まず初めに自分達は騙された。一体誰が何の目的で考えたのか知らないが、船は転覆し、気が付けば自分達はこの呪われた島にいた。

前書きは置いておくとする。とにかく今、この現状を早く理解して欲しい。
最初の謎はこの館…悪魔の住む館だ。詳しくは言えないが悪魔には絶対に「七幸」を願うな。悪魔に幸せを願うな。これは絶対だ。さもなくば悪魔に幸せを与えられる。
辛く酷い幸せだ。悪魔を殺せ。いいか先に悪魔に殺される前に殺すんだ。悪魔は人間の形をしている。気をつけて、死にたくなかったら……殺すんだ。

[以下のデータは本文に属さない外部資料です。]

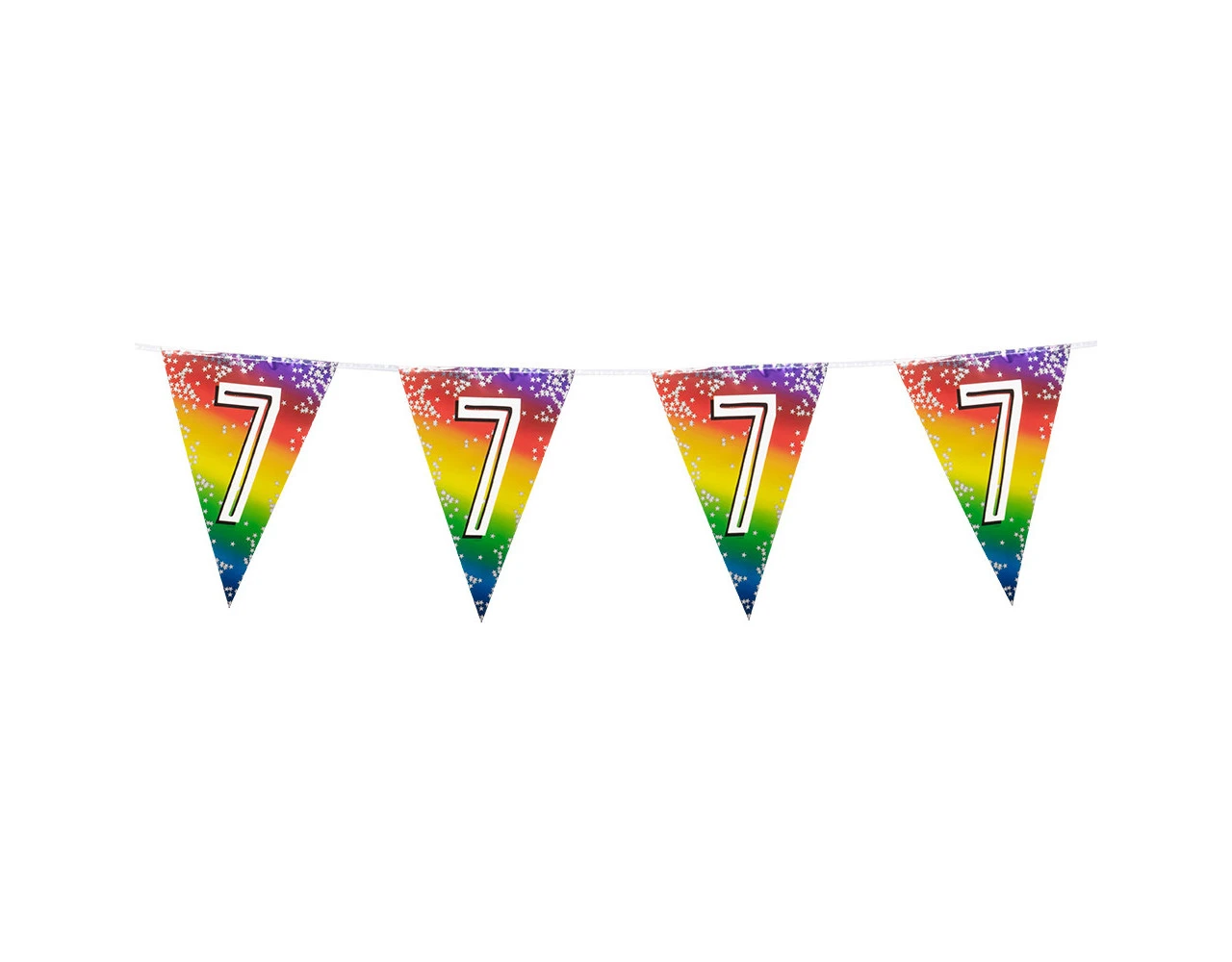 Inhoud: 15 vlaggen (verdeeld over 6 meter en 2 meter koord aan beide zijden)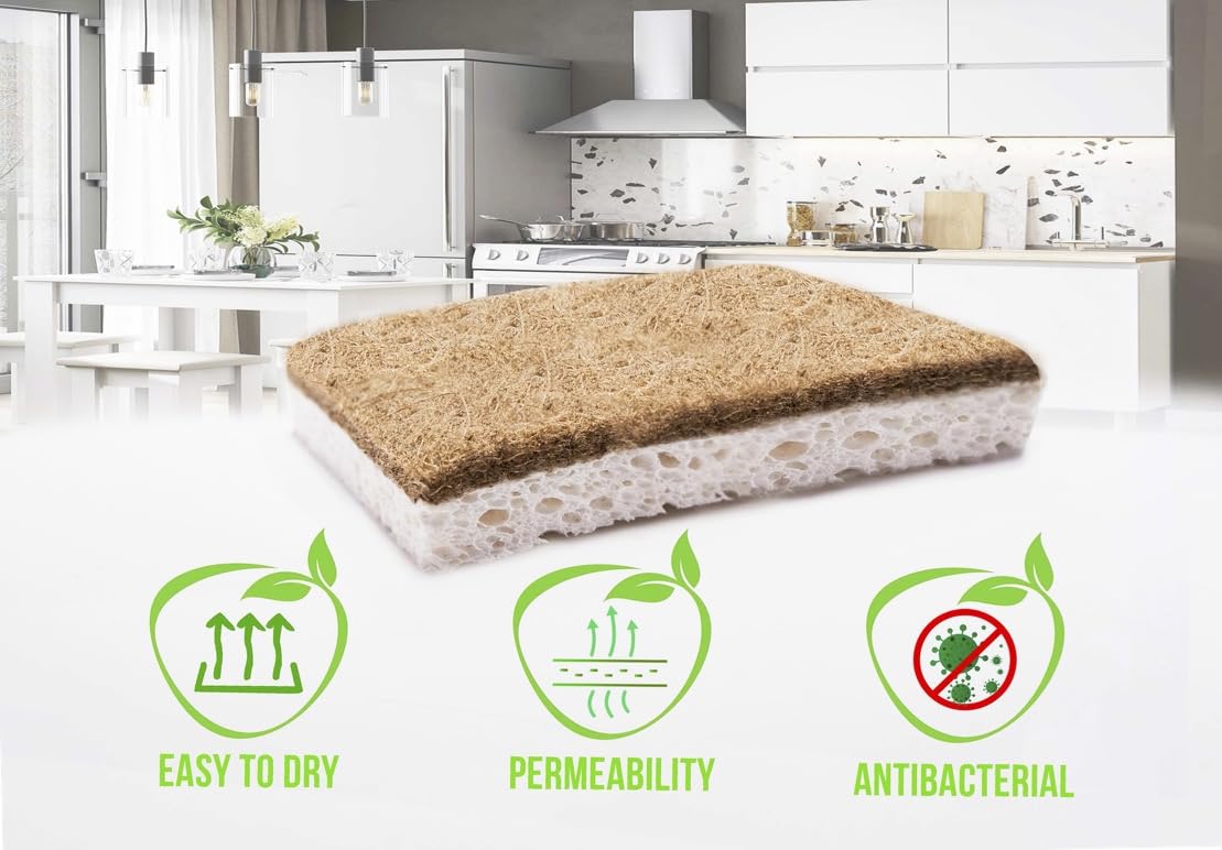 Sustainable and eco-friendly: Our natural kitchen sponge is made from biodegradable and compostable materials, making it a sustainable and eco-friendly alternative to traditional plastic sponges.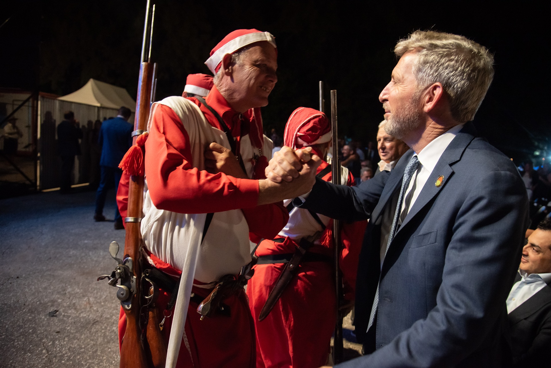 El gobernador Frigerio resaltó el valor cultural y simbólico del espectáculo realizado en el Palacio y agradeció especialmente a Santiago Miguel Rinaldi, Roberto Romani, a los artistas y a los actores que formaron parte de la puesta. «Fue una hermosa forma de traer el pasado al presente, de caminar nuestra historia y revivir escenas decisivas que marcaron el destino del país», expresó, al tiempo que valoró la participación de las familias entrerrianas y de autoridades de los distintos niveles del Estado.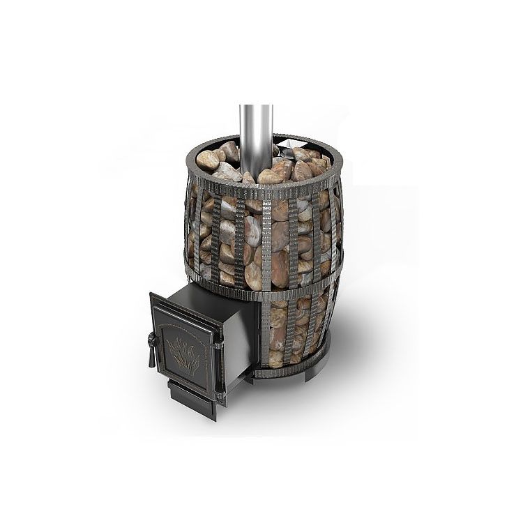 Отличительные особенности этой дровяной печи – глухая топочная дверца из чугуна и стильный кованый кожух, по форме напоминающий бочку. Такая модель станет настоящим украшением интерьера. Она будет удачным приобретением и с точки зрения ее технических характеристик. Нагрев камней производится с помощью кругового потока пламени, при этом воздух в парной не пересушивается, а прогревается равномерно, и в помещении поддерживается оптимальный микроклимат. Большая масса камней позволяет аккумулировать тепло и сохранять его достаточно долго. Подача воды осуществляется непосредственно в центральную часть каменки, для чего используется удобная воронка, установленная сверху.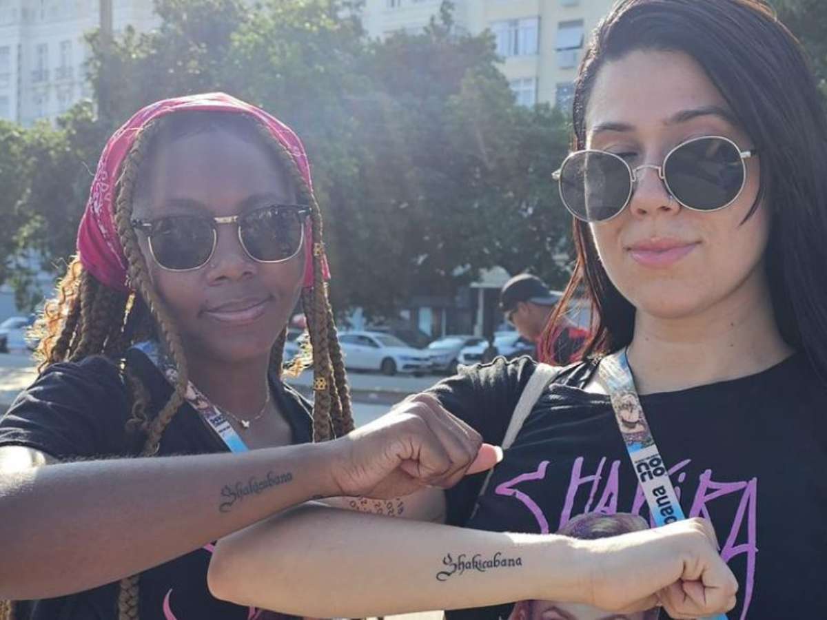 Mais do que amizade, a turismóloga Kariny Gomes e a educadora física Rayana de Souza dividem o amor pela cantora Shakira. A paixão pela diva pop é tanta que as duas ‘irmãs’, como descrevem a relação, decidiram marcar a pele ‘Shakiracabana’, em homenagem ao megashow gratuito da estrela na Praia de Copacabana. O evento está marcado para ocorrer na noite deste sábado, 2.

どうやらこの日記にはこの島の事、館のことについて書いてあるようだった。アイチは知らずの内に冷や汗をかき、震えていた。まるで心臓をわしづかみにされたような感覚だった。

「僕は……生き残れるのかな……」

ゆっくりと瞼を閉じた時、脳裏に映像が焼き付いた。それはこの館のようで、そして誰かわからないが何かから逃げるように走っているようで――。
『幸せをあげる』と声が聞こえたと同時に叫び声が聞こえた。顔は暗くてよく見えないが、先程まで走っていた人物は床に倒れ込んでしまう。
暗くてよく見えないはずが、はっきりと鮮明に“赤”が写った。バケツいっぱいにぶちまけたようで……。
そう。そこには、右脚、左脚、腹部、右腕、左腕、右目、背中、をナイフで刺されていた。右目はナイフでえぐり取られ顔半分は真っ赤に染まっていた。腹部に至ってはナイフが見る限りでは10本は突き刺さっていた。そしてえぐり取られた右目に更に誰かがナイフを刺し高らかに笑い声を上げていなくなった。

「っわぁああぁあ!!!」

部屋の中央にあったガラスのテーブルから伏せていた頭をあげアイチは叫び声をあげて起きた。冷や汗を物凄くかいておりそして吐き気がした。呼吸もうまく出来ない。思わずトイレに駆け込んだ。

「な、に今の…!?」

ゆっくりと振り返り、テーブルの上に置いてあった日記帳を見た。アイチは息を呑み込み強張りながら口を動かした。